BEGIN
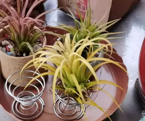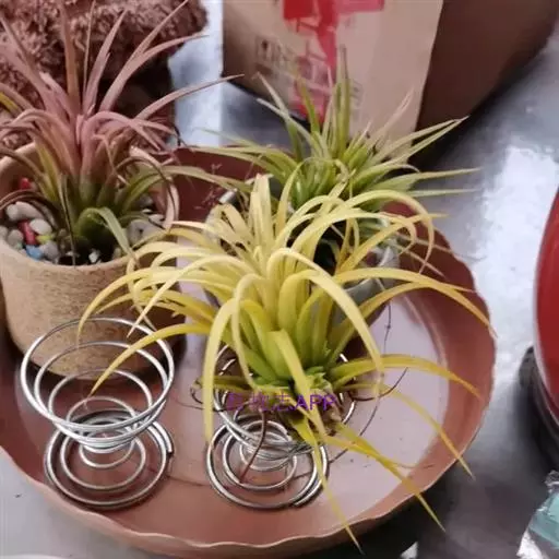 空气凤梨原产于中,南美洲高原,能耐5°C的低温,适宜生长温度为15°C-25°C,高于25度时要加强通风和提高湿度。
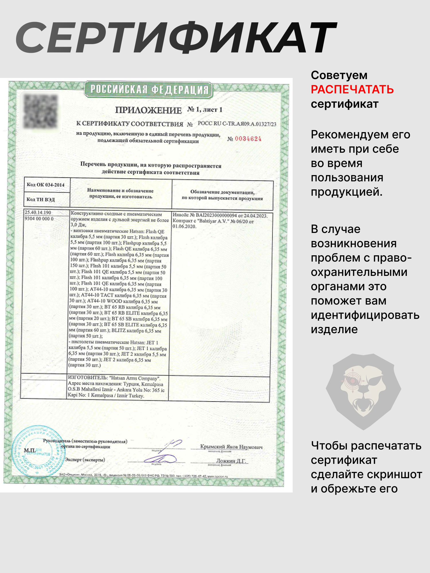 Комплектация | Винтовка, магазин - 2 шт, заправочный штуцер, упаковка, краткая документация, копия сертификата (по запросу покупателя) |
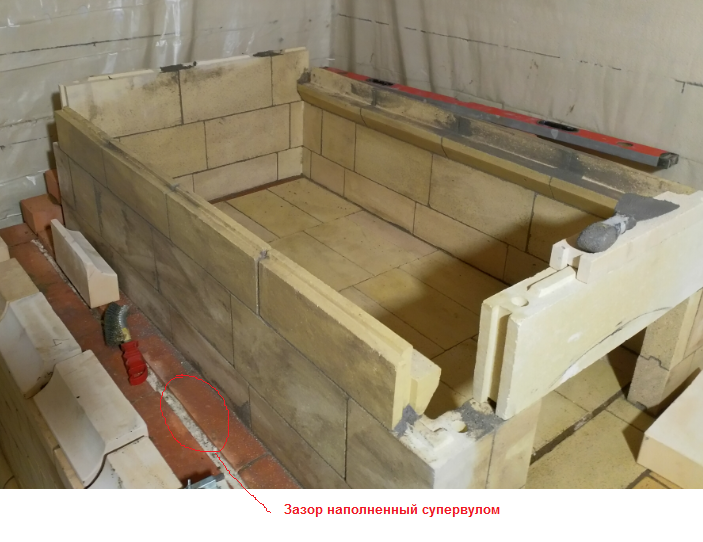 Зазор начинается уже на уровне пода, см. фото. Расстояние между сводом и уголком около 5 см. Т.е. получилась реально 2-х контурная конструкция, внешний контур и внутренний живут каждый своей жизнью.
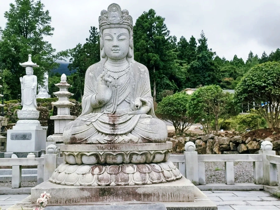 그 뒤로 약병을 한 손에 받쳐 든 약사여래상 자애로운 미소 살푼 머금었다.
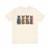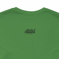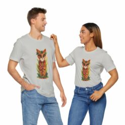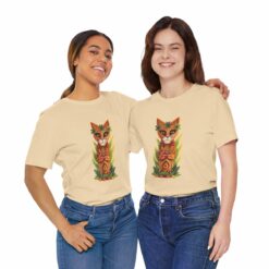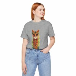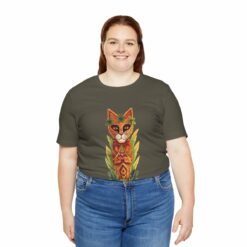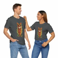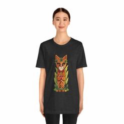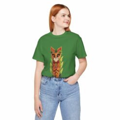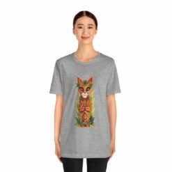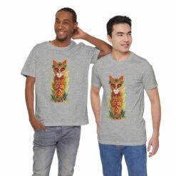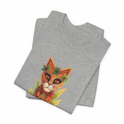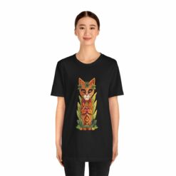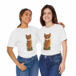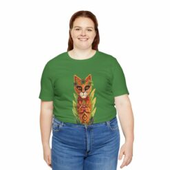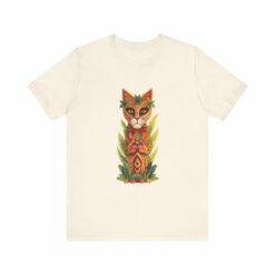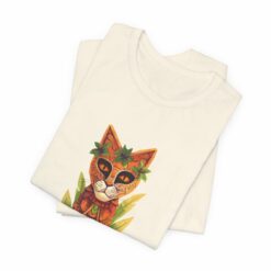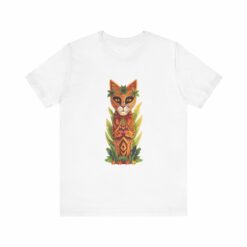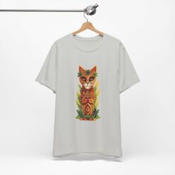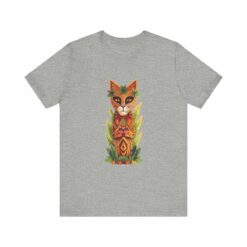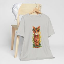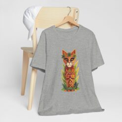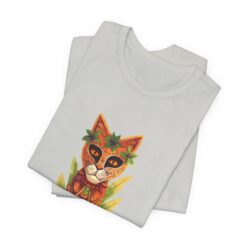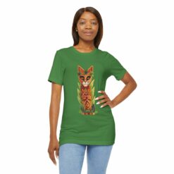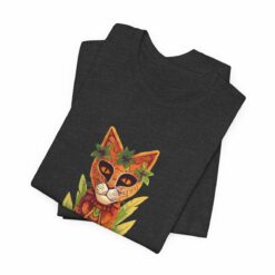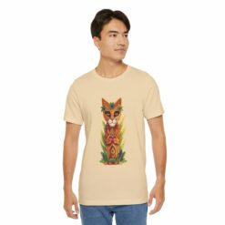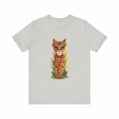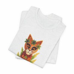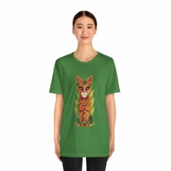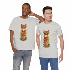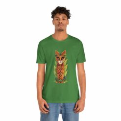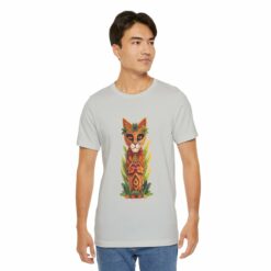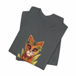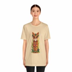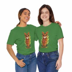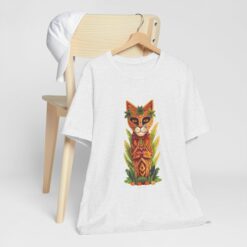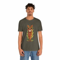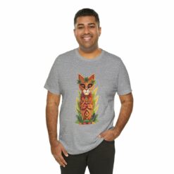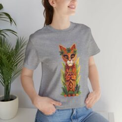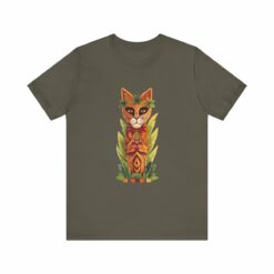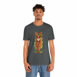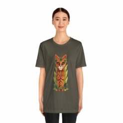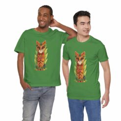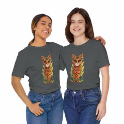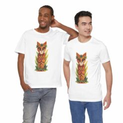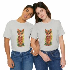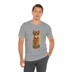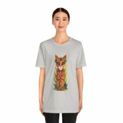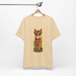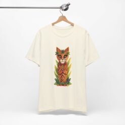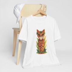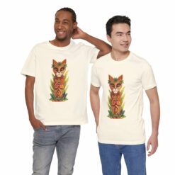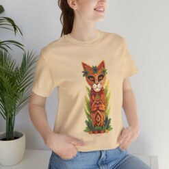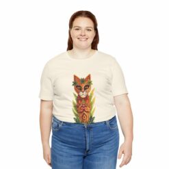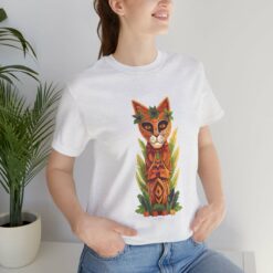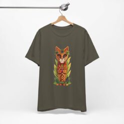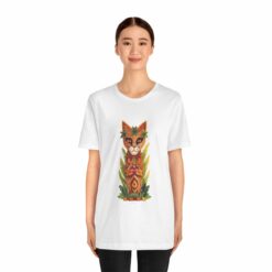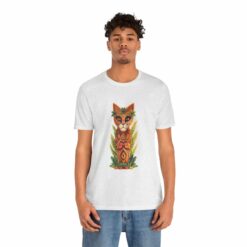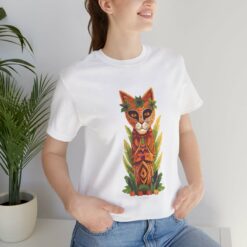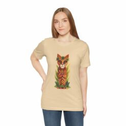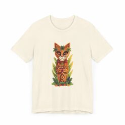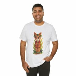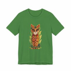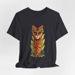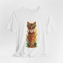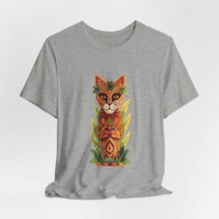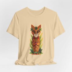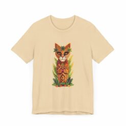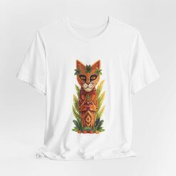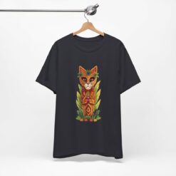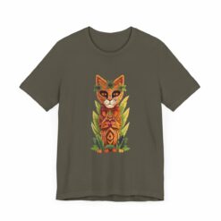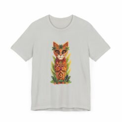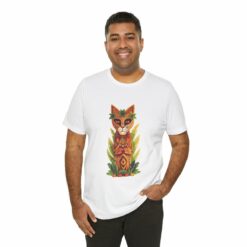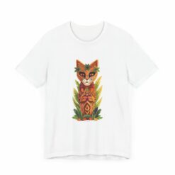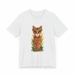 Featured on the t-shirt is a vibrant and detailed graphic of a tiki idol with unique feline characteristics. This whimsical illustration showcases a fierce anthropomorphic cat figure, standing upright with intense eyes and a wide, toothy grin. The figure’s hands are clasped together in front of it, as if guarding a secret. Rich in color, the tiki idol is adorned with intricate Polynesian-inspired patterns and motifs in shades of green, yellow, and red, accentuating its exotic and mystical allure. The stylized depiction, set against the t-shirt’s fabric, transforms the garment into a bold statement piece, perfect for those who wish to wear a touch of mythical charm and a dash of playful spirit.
END
▸ Your task:
Each line from the first line of the entries through the line containing "그 뒤로 약병을 한 손에 받쳐 든 약사여래상 자애로운 미소 살푼 머금었다." should be duplicated word for word, and nothing more; the pictures stay out.

▸ Written reply:
 空气凤梨原产于中,南美洲高原,能耐5°C的低温,适宜生长温度为15°C-25°C,高于25度时要加强通风和提高湿度。
 Комплектация | Винтовка, магазин - 2 шт, заправочный штуцер, упаковка, краткая документация, копия сертификата (по запросу покупателя) |
 Зазор начинается уже на уровне пода, см. фото. Расстояние между сводом и уголком около 5 см. Т.е. получилась реально 2-х контурная конструкция, внешний контур и внутренний живут каждый своей жизнью.
 그 뒤로 약병을 한 손에 받쳐 든 약사여래상 자애로운 미소 살푼 머금었다.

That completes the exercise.